Reception is in fact, mixed, but overall, records show that it has been surprisingly positive. “I didn’t believe it at first! It was just such an giant step forward totally out of the blue,” says Greg Halloran, Project Manager at the New York Transgender Coalition. “Gender identity is something children definitely need to know more about. I mean, Big Bird is still lovable, ole Big Bird! She simply prefers a different pronoun and this is the kind of thing people need to start acclimating to.”
Sesame Street, which has showcased a dizzying number of celebrities throughout the years, is certainly not lacking in support. “You def know you’ve made it if you get to be on Sesame Street with all those muppets, sure, ” comments Dylan McIntyre, star of the upcoming live-action video game adaptation “Contra: Real Corps”. Such sentiments certainly appear to be common among actors and musicians, many of whom admit to getting their start on the show.

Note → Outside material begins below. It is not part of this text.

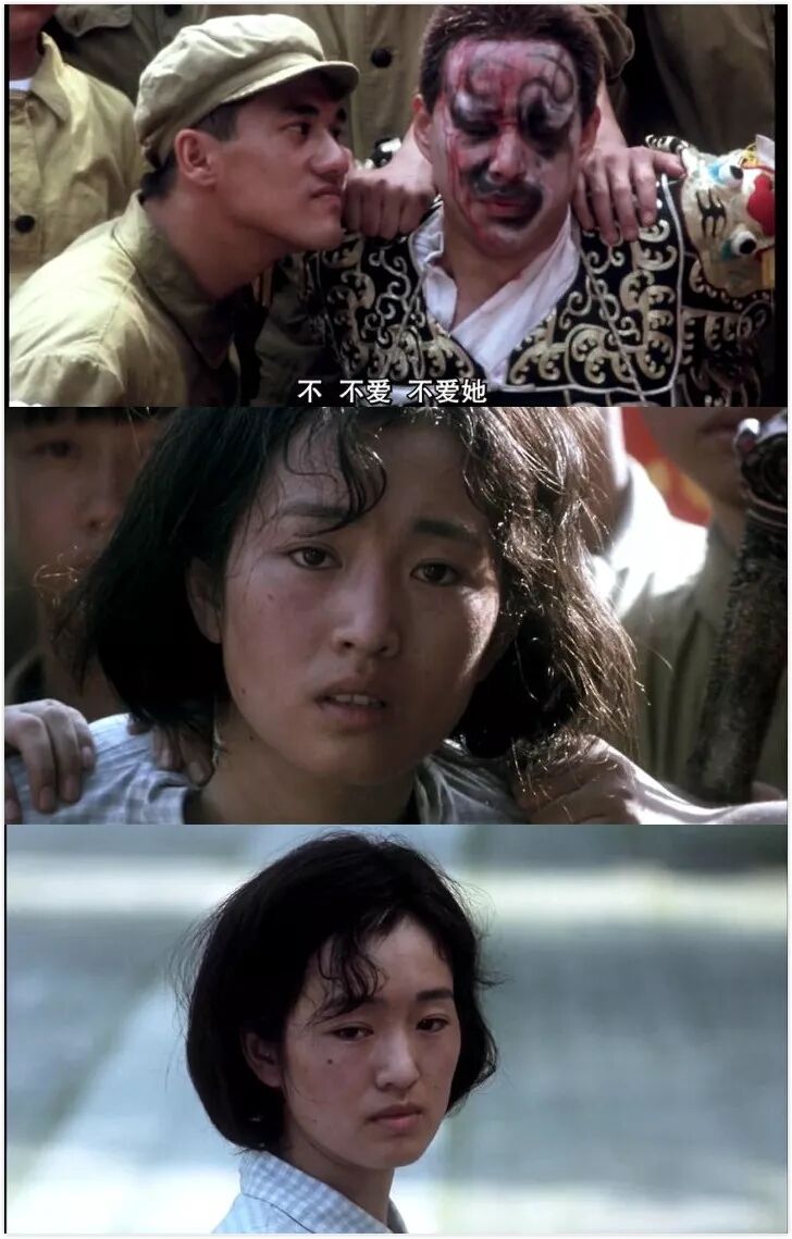 在丈夫被押到街上游行时,坚定无私的保护丈夫,看到丈夫揭发程蝶衣时,她的纠结与痛苦全部都有眼神传达出来。
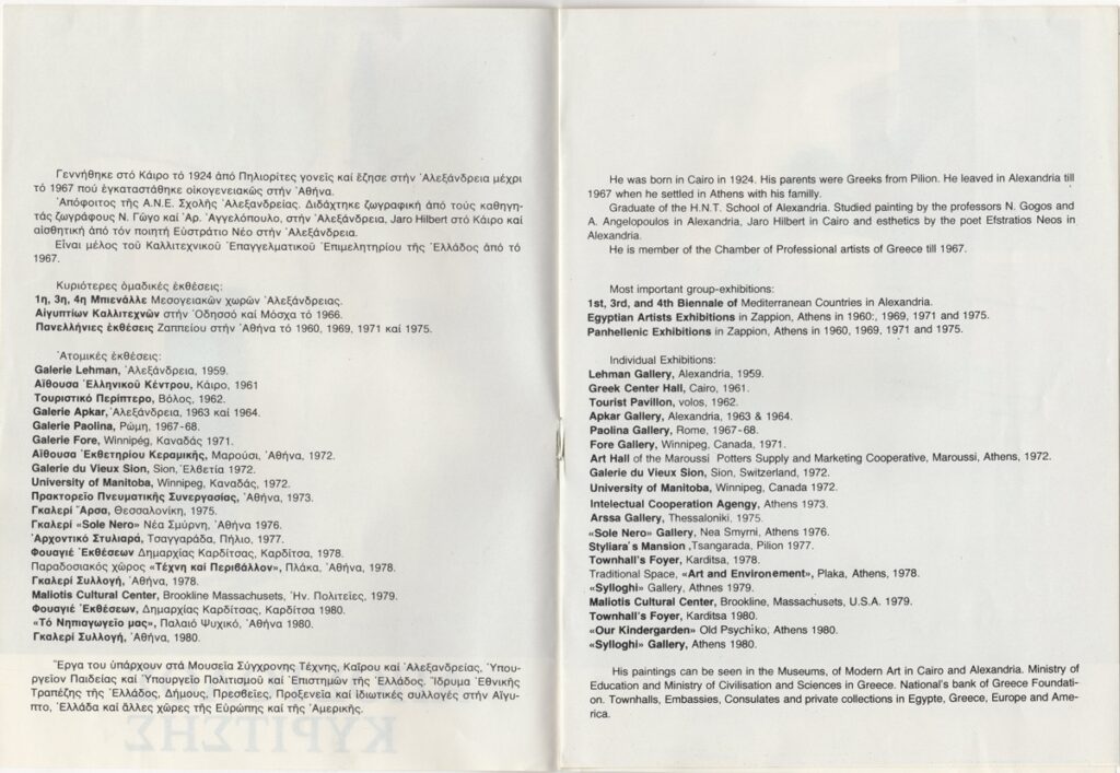 Kokkotaki Dimitra ; Ramfou Maria (1929 - 1986) ; Kyritsis Apostolos (1924 - 2022) ; Baharian Asadour (1924 - 1990) ; Αντώνης-Αλέξανδρος Νίνος ; Άλκηστις Γάσπαρη

“I love Sesame Street, man. It will always speak to a deep part of me. And I love Big Bird, male or female- it don’t matter,” says 43 year-old, Matthew Rivera, lead singer of the prog rock project, ’2 Die 4′ out of Sacramento, California.
All in all, it might seem strange that a children’s show would tackle such strong issues, but Sesame Street’s track record as one the longest-running television programs in history is a testament to its rapport with the public, both young and old.
“We feel that we have a responsibility to our viewers, and we want to make sure to keep our relationship fresh every step of the way,” says Lerman. By the looks of it, that is certainly the case.
As to Big Bird’s new transition, producers at PBS are optimistic about the public’s acceptance of the new changes and will be paying close attention to productive feedback. Perhaps this is one of the secrets to a successful television program: communication. Take note, America, as PBS promises to do their best in keeping the viewers in mind, whether counting the 1-2-3′s or singing the A-B-C’s.